[3] Makan Enak

8 0 0
                                    

Musik dimatikan, latihan menari hari ini selesai. Sejak Rumina kembali ke ruang menari, Argan memutuskan untuk menyaksikan bagaimana proses latihan menari melalui jendela.

Argan tertegun, terpukau pada pesona perempuan itu ketika wajahnya yang ceria dan tubuhnya yang menari seiring berjalannya irama.

Jujur saja, ini kedua kalinya Argan dibuat kagum akan pesona Rumina. Yang pertama itu ketika ia menonton drama musikal bersama Rama dan Sandi.

Waktu menghadiri acara keluarga saat hari ulang tahun Kakeknya, ia memutuskan untuk tidak menginap dan memilih untuk menonton drama musikal. Oleh karena itu ia segera menanyakan pada Rama apakah tiketnya masih ada satu.

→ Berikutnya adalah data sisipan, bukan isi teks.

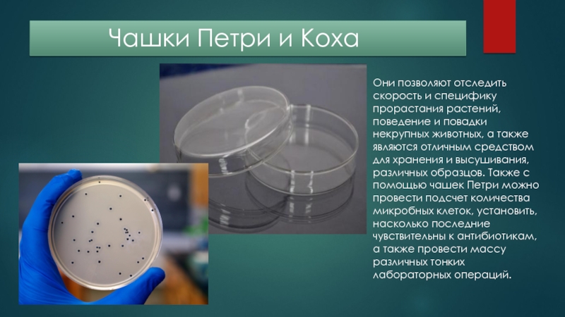 некрупных животных, а также являются отличным средством для хранения и высушивания, различных образцов. Также с помощью чашек Петри можно провести подсчет количества микробных клеток, установить, насколько последние чувствительны к антибиотикам, а также провести массу различных тонких лабораторных операций.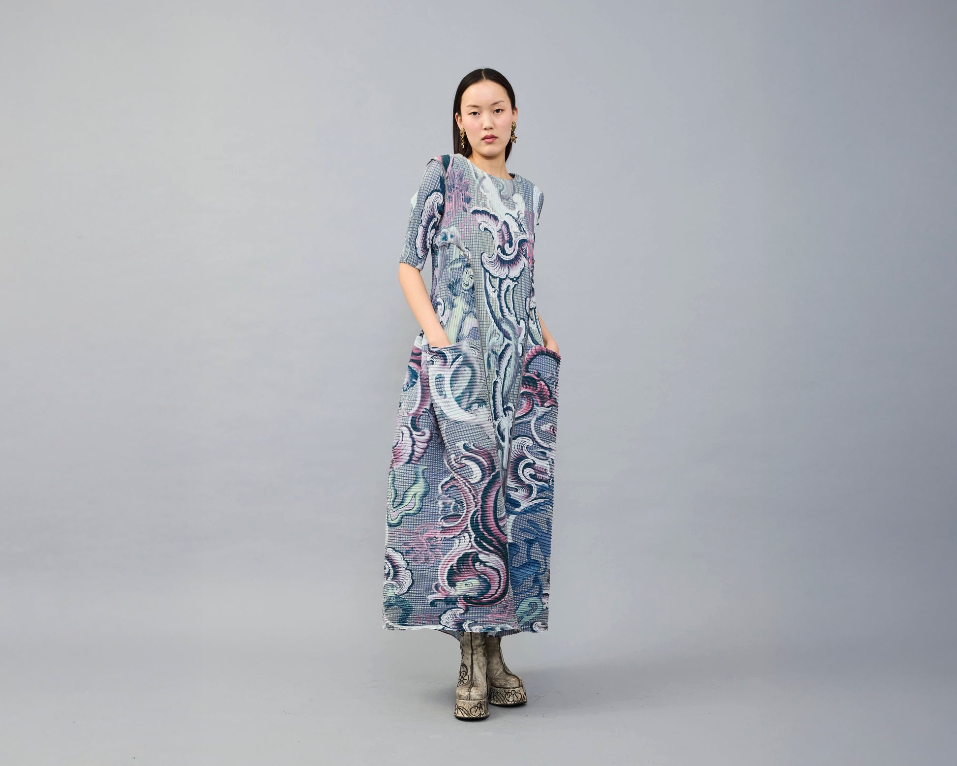 Langes, plissiertes Kleid mit zwei grossen aufgesetzten Taschen und weiter Passform.

Untungnya, jalanan tidak terlalu macet. Argan bisa menempuh perjalan kembali dari Bandung lebih cepat dari biasanya. Ngejar waktu juga.

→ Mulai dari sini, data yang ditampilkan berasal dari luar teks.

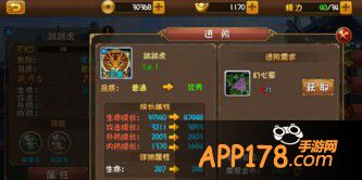进阶:可以使用道具“幻心草”通过进阶可以获得属性大幅增加,并且获得主动技能“风袭”(不同阶段的进阶需求材料不一样哦)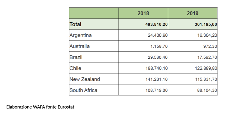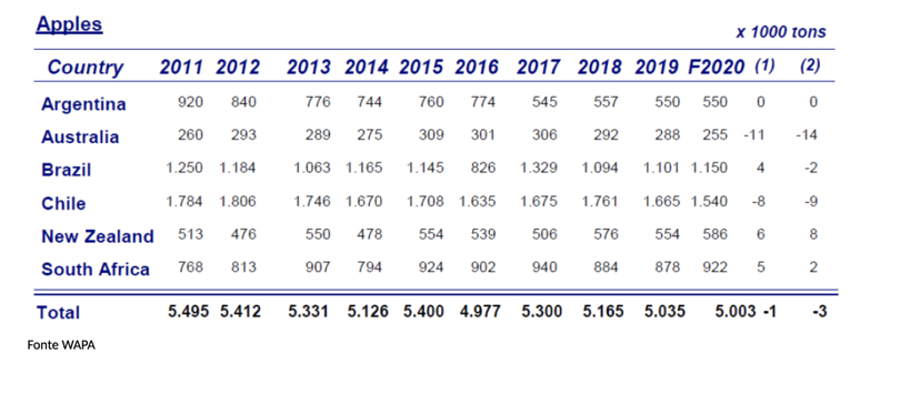 Per quanto riguarda la produzione dell'Emisfero Sud e in particolare le previsioni di export, anche in questo caso arrivano notizie che il Consorzio delle Organizzazioni di Produttori di mele italiani giudica positive per il nostro paese. Secondo i dati WAPA, infatti, la produzione dei paesi dell’emisfero Sud “dovrebbe essere in linea con quella degli anni precedenti, superando di poco le 5 milioni di tons”. Le esportazioni dovrebbero rimanere stabili a avvicinarsi ai 1,7 milioni di tonnnellate. “La grande differenza rispetto al passato – conclude Assomela – sta però nel fatto che la quota di prodotto destinata all’Europa, come accade da qualche anno a questa parte, si prevede ulteriormente a ribasso“.

Ketika panggung itu menampilkan para pemain, Argan terkejut ketika melihat sosok yang tak asing. Perempuan yang tak sengaja bertemu dengannya di depan gedung rektorat ketika demo minggu lalu.

Aktingnya berhasil memukau para audience, Argan sendiri meskipun baru pertama kali menonton teater semacam ini, berhasil dibuat terpukau oleh penampilan Rumina—juga teman-temannya. Namun yaa... Fokusnya memang pada Rumina.

Tak disangka-sangka, Argan kembali bertemu dengan Rumina di sanggar tari tempat keponakannya les menari.

"Om Agaaaan!" Gadis cilik itu keluar sambil berlari menghampiri Argan.

"Gimana narinya? Bisa?"

"Bisa!" Argan mengusap gemas rambut sang keponakan.

Kemudian, Rumina muncul setelah merapikan ruangan yang telah dipakai menari. "Ayo."

"Kak Mentali mau pelgi sama Om Agan?"

Rumina tersenyum, kemudian mengangguk. "Sama Asa juga."

"Om Agan, kita mau kemana sama Kak Mentali?"

"Enggak tahu. Bukan Om yang ngajak."

"Iya, emang bukan Om kamu yang ngajak, tapi Om kamu yang nyuruh Kakak ngajak kalian ke tempat makan enak," sambung Rumina seraya menatap sinis Argan. Tatapan itu justru dibalas kekehan oleh Argan, entah kenapa tapi Rumina tampak menarik saat sedang kesal.

Mereka masuk ke dalam mobil, namun Argan justru heran, kenapa Rumina malah duduk di belakang bersama Asa?

"Yang nyuruh kamu duduk di belakang siapa? Enak aja duduk di belakang, pindah ke depan!"

"Aku yang mau Kak Mentali duduk sama aku, Om! Jangan malahin Kak Mentali! Bilangin Mama nih, Om Agan galak lagi!"

Astaga, kalau bukan anaknya Soraya, Argan sudah pasti akan meninggalkan Asa di pinggir jalan.

Biar nangis-nangis dah sekalian.

"Om bukan galak, Asa. Lagian kan sebelah Om Argan kosong, dan orang dewasa itu harusnya duduk di depan dulu kalau di depan masih kosong. Kecuali Om Argan supir."

"Tapi kan Om Agan emang supil aku, kan Om Agan yang bawa mobil."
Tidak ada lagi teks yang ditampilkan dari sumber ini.